Bisnis.com, JAKARTA—Harga bijih besi semakin melemah seiring dengan meningkatnya stok mingguan China sebesar 100.000 ton menjadi 120 juta ton.
Pada penutupan perdagangan Senin (23/10/2017) harga bijih besi pengiriman Qingdao dengan kandungan 62% turun 0,46 poin atau 0,74% menjadi US$62 per ton. Sepanjang 2017 harga merosot 21,39% dari penutupan 30 Desember 2016 di level US$78,87 per ton.
Seperti dikutip dari Bloomberg, laporan Antaike Information Development menyebutkan stok bijih besi di pelabuhan China pada pekan yang berakhir Jumat (20/10/2017) naik 0,1 juta ton menjadi 120 juta ton.
Tim analis Deutsche Bank termasuk Paul Young dalam laporannya memaparkan, pengurangan produksi baja di China pada musim dingin yang berlangsung November 2017—Maret 2018 dapat mendorong harga bijih besi ke kisaran US$50—US$60 per ton.

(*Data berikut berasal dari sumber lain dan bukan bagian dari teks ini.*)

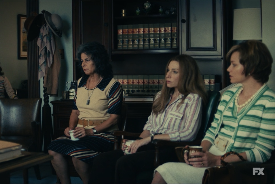 Cate Blanchett’s personal makeup artist Morag Ross designed the makeup for Phyllis Schlafly, but Samuel used photos of the real Schafly to suss out what the makeup for the other Stop ERA women should look like. “You could imagine them putting their purse on their lap, taking out a compact, and press-powdering their nose in a restaurant or in the middle of a meeting,” he explains. At the time, blue eyeshadow was a middle-of-the-road, conservative, feminine shade. “I mean, Barbie had blue eyelids,” he says. On the show the blues were a sheer, sometimes-pearly robin’s egg that was never too deep or bright. “There’s a level of desaturation that really makes something from the 70s look like something from the 70s,” Samuel tells me. “Theatrical makeup wouldn’t work, so a lot of the eyeshadows we ended up using were from the drugstore.” His team bought up blue Covergirl, Maybelline, and Revlon palettes, and stuck to the pale shades. It’s easy to get the exact look at home.
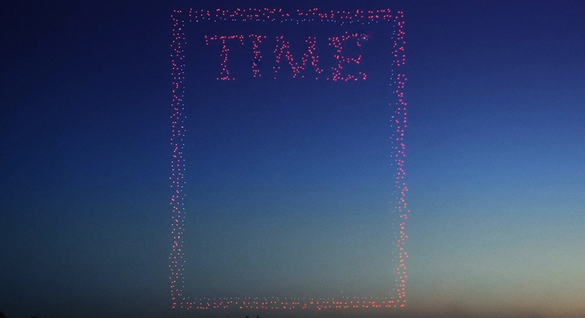 Журнал Time в сотрудничестве с компанией Intel представил новую обложку — на ней с помощью 958 дронов они воссоздали знаменитую красную рамку издания с названием высотой в 100 метров. Стоит отметить, что впервые в истории Time снимок также был сделан беспилотным аппаратом.
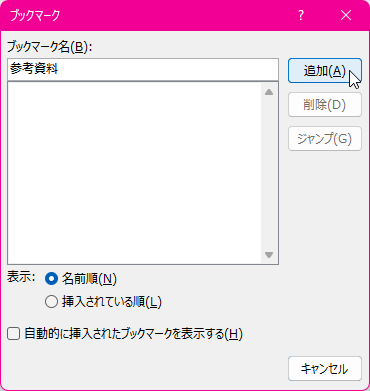 - [ブックマーク名]ボックスにブックマーク名を入力します。ここでは「参考資料」と入力します。
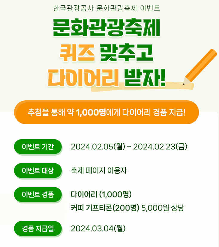 바로 대한민국 구석구석이라는 사이트인데요. 의외로 많이들 모르고 계시지만, 마침 이벤트로 '문화관광축제 퀴즈 맞추고 다이어리 받자'를 진행하고 있으니, 이왕 오신 김에 무료 다이어리와 커피쿠폰 받아가시기 바랍니다. 10초면 맞출 수 있고, 홈페이지만 방문해서 쓱- 둘러본다면 정답도 어렵지 않게 맞출 수 있습니다.
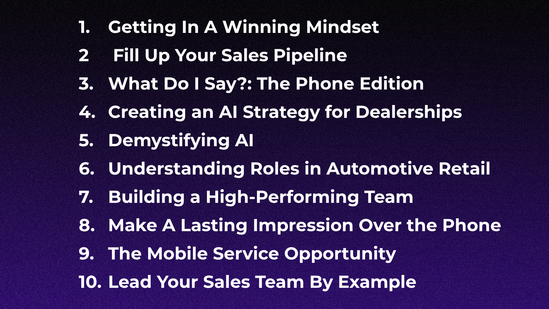 Dealerships aren't skipping straight to Create an AI Strategy. They're starting with Getting In A Winning Mindset. They're mastering What Do I Say on the Phone before they tackle automation. They're building the human infrastructure first, then layering in the tech.
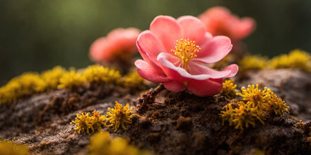 A delicate pink flower with yellow stamens is beautifully displayed on a rustic, textured branch. Bokeh background adds soft depth.

Dalam rentang waktu empat bulan itu, diperkirakan pemangkasan produksi baja mencapai 34 juta—42 juta ton. Volume tersebut mengurangi permintaan impor bijih besi di Negeri Panda sekitar 30 juta—57 juta ton.
“Namun, pembatasan produksi di musim dingin akan menimbulkan permintaan yang kuat pada musim semi 2018 di China,” tulis Deutsche Bank.
Pada kuartal IV/2017, harga bijih besi akan berada di rerata US$55 per ton. Harga kemudian rebound ke area US$70 per ton pada pertengahan 2018 seiring dengan meningkatnya permintaan.